I have been using containers since before Docker; an early version of Red Hat OpenShift used Red Hat’s own container format called Gears. Then I spent four years working with and teaching people about Docker/OCI containers as OpenShift moved to Kubernetes.

Recently, I have returned more intensely to my scientist roots and have dived back into data analysis, statistics, machine learning, and artificial intelligence (AI). My work has been done primarily on Linux, but not always with containers. I put together several devcontainers/GitHub Codespaces for teaching workshops. I also occasionally would use Distrobox to isolate an environment when I didn’t want npm sprawled all over my machine.

Since I have returned to Red Hat, I have been trying to move full-time to a containerized OS and shift my workflows to be entirely container-based. The process has been “interesting.” While trying to work through getting PyTorch in containers on a containerized OS with NVIDIA hardware I think I have alienated the Universal Blue AI Discord channel. Even with my experience in containers, Linux, and data science, the process was not straightforward and was quite frustrating. I recently have reached a clearer understanding and I want to share this in the hopes of sparing others this “that which does not kill you makes you stronger” experience.

Note: Red Hat’s Emerging Technologies blog includes posts that discuss technologies that are under active development in upstream open source communities and at Red Hat. We believe in sharing early and often the things we’re working on, but we want to note that unless otherwise stated the technologies and how-tos shared here aren’t part of supported products, nor promised to be in the future.

How the pieces fit together

To start, let’s lay out the components. At the base level, you have your hardware, for this post, a NVIDIA GPU. On top of this, you are running a containerized OS that contains the NVIDIA Driver. Then you have your container runtime—either Docker or, my choice, Podman. Next is the NVIDIA Container Toolkit. Then in your container you have the CUDA Toolkit, which contains the libraries that make NVIDIA GPUs so good for AI/ML software. Finally, within the container, you have your PyTorch libraries and code.

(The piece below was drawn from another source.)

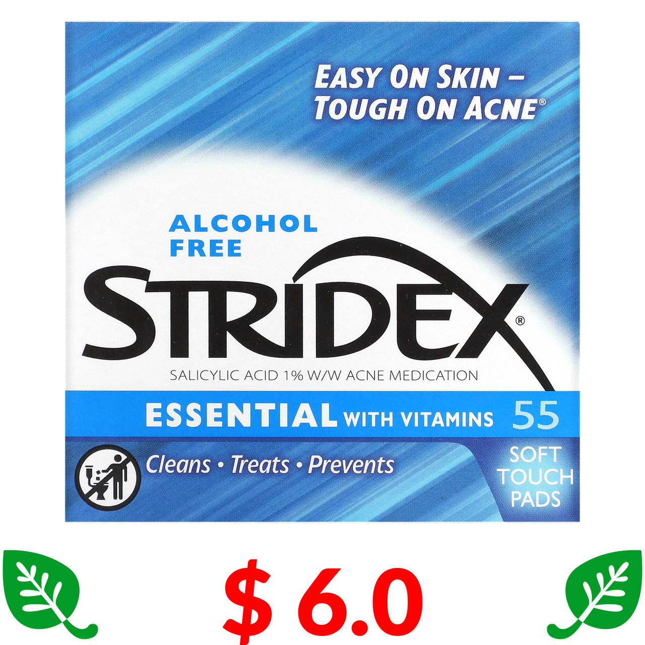 $ 6.0 Stridex, Single-Step, контроль акне, без спирту, 55 м’яких подушечок, 4,21 в кожному

A new term for you in the last paragraph might be the NVIDIA Container Toolkit. This is a crucial utility that allows applications inside your container to talk to the NVIDIA driver on your host OS. It provides the necessary runtime and libraries to bridge the gap between the container and the host’s NVIDIA driver. It is installed on your host system. Think of it as the enabler that makes the GPU visible and usable by the container. You only need to have the NVIDIA driver and the NVIDIA Container Toolkit installed on your host machine, not the full CUDA Toolkit.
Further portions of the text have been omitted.